Let us set $$u(x)=3x^{2}+ax-2-a$$ and $$v(x)=e^{x}$$. Their derivatives are $$u'(x)=6x+a$$ and $$v'(x)=e^{x}$$. Applying the product rule we get

$$\begin{aligned} f'(x) &= u'(x)\,v(x)+u(x)\,v'(x) \\ &= \bigl(6x+a\bigr)e^{x}+\bigl(3x^{2}+ax-2-a\bigr)e^{x}. \end{aligned}$$

Both terms contain the common factor $$e^{x}$$, so we factor it out:

$$f'(x)=\bigl[\,6x+a+3x^{2}+ax-2-a\,\bigr]\,e^{x}.$$

Simplifying the bracket, we collect like terms:

$$6x+a+3x^{2}+ax-2-a = 3x^{2}+(6x+ax)+\bigl(a-a\bigr)-2 = 3x^{2}+x(6+a)-2.$$

Thus

$$f'(x)=\bigl(3x^{2}+(6+a)x-2\bigr)\,e^{x}.$$

Because $$e^{x}>0$$ for all real $$x$$, the equation $$f'(1)=0$$ is equivalent to setting the polynomial factor to zero at $$x=1$$:

$$3(1)^{2}+(6+a)(1)-2=0.$$

This simplifies to

$$3+6+a-2=0 \quad\Longrightarrow\quad 7+a=0 \quad\Longrightarrow\quad a=-7.$$

So the parameter is fixed as $$a=-7$$. Substituting this value back into $$f(x)$$, we get

$$f(x)=\bigl(3x^{2}-7x-2-(-7)\bigr)e^{x}=\bigl(3x^{2}-7x+5\bigr)e^{x}.$$

To find all critical points we again consider $$f'(x)$$, now with $$a=-7$$. The derivative remains

$$f'(x)=\bigl(3x^{2}-x-2\bigr)\,e^{x}.$$

Setting the bracket to zero, we solve the quadratic

$$3x^{2}-x-2=0.$$

The discriminant is $$\Delta=(-1)^{2}-4(3)(-2)=1+24=25,$$ so

$$x=\frac{1\pm\sqrt{25}}{2\cdot3}=\frac{1\pm5}{6}.$$

This yields the two critical points

$$x_{1}=1, \qquad x_{2}=-\dfrac{2}{3}.$$

Next we determine the nature (maxima or minima) of each point using the second-derivative test.

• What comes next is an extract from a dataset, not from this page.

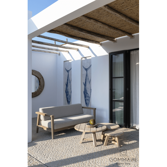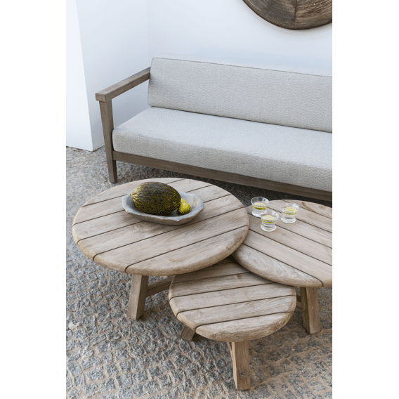Met de kenmerkende Gommaire ‘Reclaimed Teak’ afwerking combineren de Anton Trio tafels tijdloos design met duurzaamheid. Het massieve teak hout is bestand tegen weersinvloeden, waardoor deze set geschikt is voor buitengebruik. Door de verschillende hoogtes zijn de tafels praktisch inzetbaar als salontafel, bijzettafel of decoratief element.

We have already written $$f'(x)=h(x)\,e^{x}$$ with $$h(x)=3x^{2}-x-2.$$ Differentiating once more, we remember that $$(h\,e^{x})'=(h'+h)\,e^{x}.$$ Therefore

$$f''(x)=\bigl(h'(x)+h(x)\bigr)\,e^{x}.$$

Compute $$h'(x)=6x-1,$$ so

$$h'(x)+h(x)=(6x-1)+(3x^{2}-x-2)=3x^{2}+5x-3.$$

Because $$e^{x}>0,$$ the sign of $$f''(x)$$ is exactly the sign of the quadratic $$3x^{2}+5x-3.$$

Evaluate it at each critical point:

For $$x=1$$:

$$3(1)^{2}+5(1)-3 = 3+5-3 = 5 > 0,$$

so $$f''(1)>0,$$ indicating a local minimum at $$x=1.$$

For $$x=-\dfrac{2}{3}$$:

$$3\left(\!-\dfrac{2}{3}\!\right)^{2}+5\left(\!-\dfrac{2}{3}\!\right)-3 =3\left(\dfrac{4}{9}\right)-\dfrac{10}{3}-3 =\dfrac{4}{3}-\dfrac{10}{3}-3 =-\dfrac{6}{3}-3 =-2-3=-5<0,$$

so $$f''\!\left(-\dfrac{2}{3}\right)<0,$$ indicating a local maximum at $$x=-\dfrac{2}{3}.$$

Therefore, $$x=1$$ is a point of local minima, while $$x=-\dfrac{2}{3}$$ is a point of local maxima.

Comparing with the options, this corresponds exactly to Option D.

Hence, the correct answer is Option D.